Week 1: Build a 80-150 query benchmark across conceptual, task, error, and comparison categories. Capture baseline citations across ChatGPT, Perplexity, Claude, and AI Overviews.
Weeks 2-3: Add a 50-80 word canonical-answer block under the H1 of every reference and tutorial page.
Weeks 3-4: Stand up markdown-twin URLs for every doc page (Content-Type: text/markdown, no chrome).
Weeks 4-5: Build a real llms-full.txt that contains the entire docs corpus, ordered to match a curated llms.txt index.
Weeks 5-7: Upgrade JSON-LD to TechArticle / HowTo / SoftwareSourceCode with full attribute coverage. Validate with Schema.org and Google's Rich Results Test.
Weeks 7-8: Code-block hygiene pass: language tags, inline runnable examples, expected outputs.
Week 9: Canonical URL consolidation; 301 historical paths.
Weeks 10-12:* Re-measure the benchmark. Expect 1.5-2.5x lift on share-of-voice; larger on Perplexity and Claude than on AI Overviews.

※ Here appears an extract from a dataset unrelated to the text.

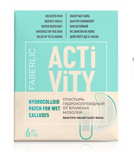 Гидроколлоидный пластырь Фаберлик Activity от влажных мозолей–это экспресс помощь при влажных мозолях от длительной ходьбы, тесной обуви или обуви на высоком каблуке. Гидроколлоидный пластырь Фаберлик Activity от влажных мозолей поддерживает естественный уровень увлажнённости и мгновенно уменьшает боль. Гидроколлоидные пластыри Фаберлик Activity защищают мозоли от трения и внешнего давления, предотвращают попадание влаги и микробов, облегчают боль, способствуют быстрому заживлению кожи, они влагостойкие и незаметны на коже. Гидроколлоидные пластыри Фаберлик Activity действуют до 24 часов.
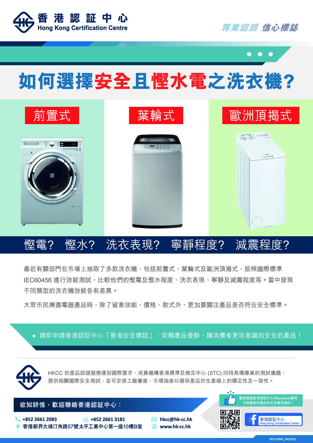 最近有關部門在市場上抽取了多款洗衣機,包括前置式、葉輪式及歐洲頂揭式,按照國際標準IEC60456進行效能測試,比較他們的慳電及慳水程度、洗衣表現、寧靜及減震程度等。當中發現不同類型的洗衣機效能各有差異。

For implementation help on the file specs, see How to Create llms.txt and llms.txt Specification. For markdown formatting decisions, see Markdown Optimization for AI Parsers.

Why this generalizes (and where it does not)

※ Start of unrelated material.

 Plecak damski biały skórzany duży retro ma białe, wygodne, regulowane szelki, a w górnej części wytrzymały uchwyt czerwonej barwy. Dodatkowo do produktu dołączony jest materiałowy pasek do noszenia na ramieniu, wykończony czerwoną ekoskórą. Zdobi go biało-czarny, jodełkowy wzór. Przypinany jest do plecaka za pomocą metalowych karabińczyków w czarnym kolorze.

This playbook generalizes to any documentation-shaped corpus: developer tools, internal engineering wikis, public knowledge bases. It generalizes less well to product-marketing sites, which lack the dense reference structure LLMs favor.

For commercial SaaS products the parallel pattern lives in our Case Study: SaaS GEO Implementation, and for editorial publishers it lives in Case Study: Publisher GEO Strategy.

FAQ

Q: Does llms.txt by itself increase AI citations?

No. The largest public analysis to date (300k domains, SE Ranking, Nov 2025) found no relationship between llms.txt presence and citation frequency. In this case study, a stub llms.txt deployed 6 months earlier produced no measurable lift. Citations moved only when the team paired llms-full.txt with page-level canonical answers, markdown twins, and JSON-LD upgrades. Treat llms.txt as a low-cost enabler that is part of a stack, not a standalone lever.

Q: Should an OSS docs site serve a markdown twin of every page?

Yes, if the cost is low (most static-site generators can emit .md alongside .html` with a small build hook). Markdown twins remove the chrome that costs LLMs tokens and depresses retrieval scores, and they double as the source for llms-full.txt. Tools like Fern auto-generate both llms.txt and llms-full.txt from API specs as part of the docs build process.

Q: Which engine moved most for OSS docs in this case study?

Perplexity and Claude moved most in absolute and percentage terms, because they were the engines where the project was most under-cited at baseline relative to its topical authority. ChatGPT moved meaningfully too. Google AI Overviews moved least because the project already ranked well organically, which is the dominant predictor of AI Overview citation.

Q: How long until citations actually move?

The team observed first changes at week 4 (after canonical-answer rewrites and markdown twins shipped) and most of the lift between weeks 6-10. Crawler-driven engines (Perplexity, Claude) re-index faster than parametric-recall surfaces (some ChatGPT modes), so expect Perplexity to move first.

Q: Is this transferable to closed-source SaaS docs?

Yes — every change in this playbook works for closed-source SaaS docs too, except that proprietary code samples may not be re-distributable in llms-full.txt. SaaS teams can include public docs in llms-full.txt and gate authenticated sections behind robots/llms exclusions. The structural logic (canonical answers, markdown twins, schema attribute richness) is identical.